Ditinjau dari Sisi Ilmiah, Fenomena Bentukan Awan Hanyalah Kebetulan
Redaktur: Muhsin E Bijo Dirajo
“Jenis awan tinggi merupakan uap air yang menguap akibat suhu panas dan mengembun kemudian terbentuk dan menjadi awan pada ketinggian di atas 20.000 kaki di atas permukaan laut,” ucapnya.

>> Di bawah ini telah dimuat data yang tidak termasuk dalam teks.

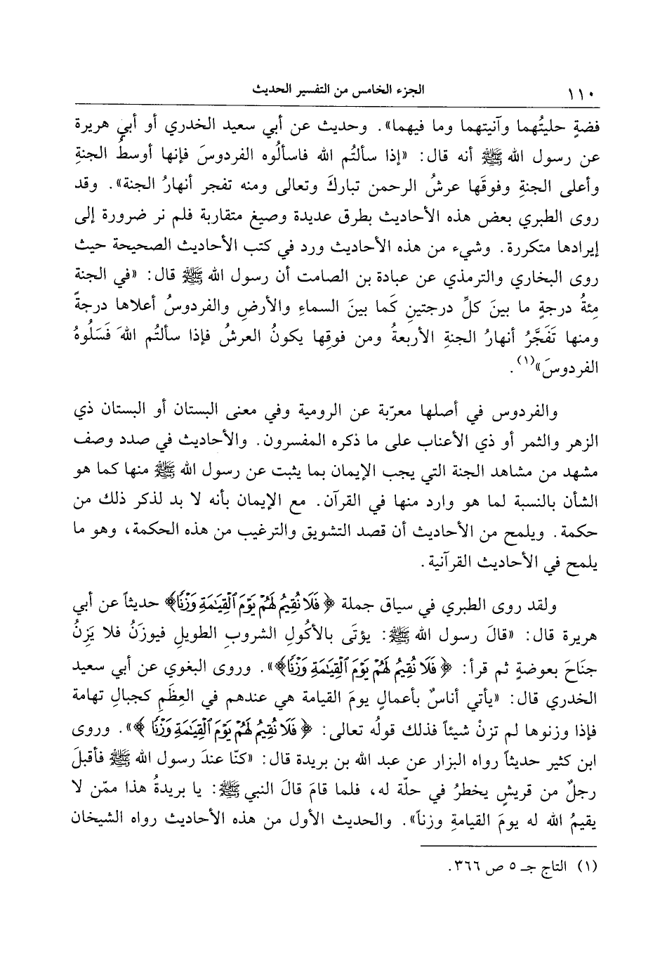 والفردوس في أصلها معرّبة عن الرومية وفي معنى البستان أو البستان ذي الزهر والثمر أو ذي الأعناب على ما ذكره المفسرون. والأحاديث في صدد وصف مشهد من مشاهد الجنة التي يجب الإيمان بما يثبت عن رسول الله صلى الله عليه وسلم منها كما هو الشأن بالنسبة لما هو وارد منها في القرآن. مع الإيمان بأنه لا بد لذكر ذلك من حكمة. ويلمح من الأحاديث أن قصد التشويق والترغيب من هذه الحكمة، وهو ما يلمح في الأحاديث القرآنية.

Kelompok jenis jenis awan yang tergolong awan tinggi tidak serta merta terbentuk di atas ketinggian yang tersebut. Namun, bergantung pada wilayah dengan suhu dan iklim tertentu. Jenis jenis awan tinggi ini akan terbentuk dan menjadi awan pada ketinggian berkisar antara 6 – 18 km DPL untuk iklim tropis, 5 – 13 km DPL pada iklim sedang dan pada 3 – 8 KM DPL pada wilayah yang bersuhu dan beriklim rendah seperti wilayah kutub.
“Fenomena alam ini merupakan suatu hal yang biasa dan dapat terjadi dimanapun dan kapan pun. Awan yang ramai dibicarakan itu adalah awan Cirrocumulus. Dan di Indonesia, awan yang mengandung banyak partikel es ini merupakan penanda musim kemarau,” papar Erma saat dikonfirmasi terkait bentukan awan yang ramai dibicarakan.
Peneliti Petir dan Atmosfer Deni Septiadi menyatakan secara ilmiah bentuk awan merupakan suatu hal kebetulan belaka.
“Bentuk awan dipengaruhi oleh banyak faktor salah satunya angin di atas permukaan.
Pembentukan awan sebagai penanda kuatnya konvektif. Itu saja,” ujarnya saat dihubungi terpisah.
Ia menjelaskan bahwa proses konvektif awan ini adalah proses pembentukan awan melalui proses konveksi akibat pemanasan radiasi Matahari.
“Maksudnya, sebelum tumbuh awan, proses awalnya ada radiasi Matahari masuk ke Bumi. Proses akan membuka aliran udara ke atas untuk mengangkat partikel-partikel atau aerosol menjadi awan,” pungkasnya.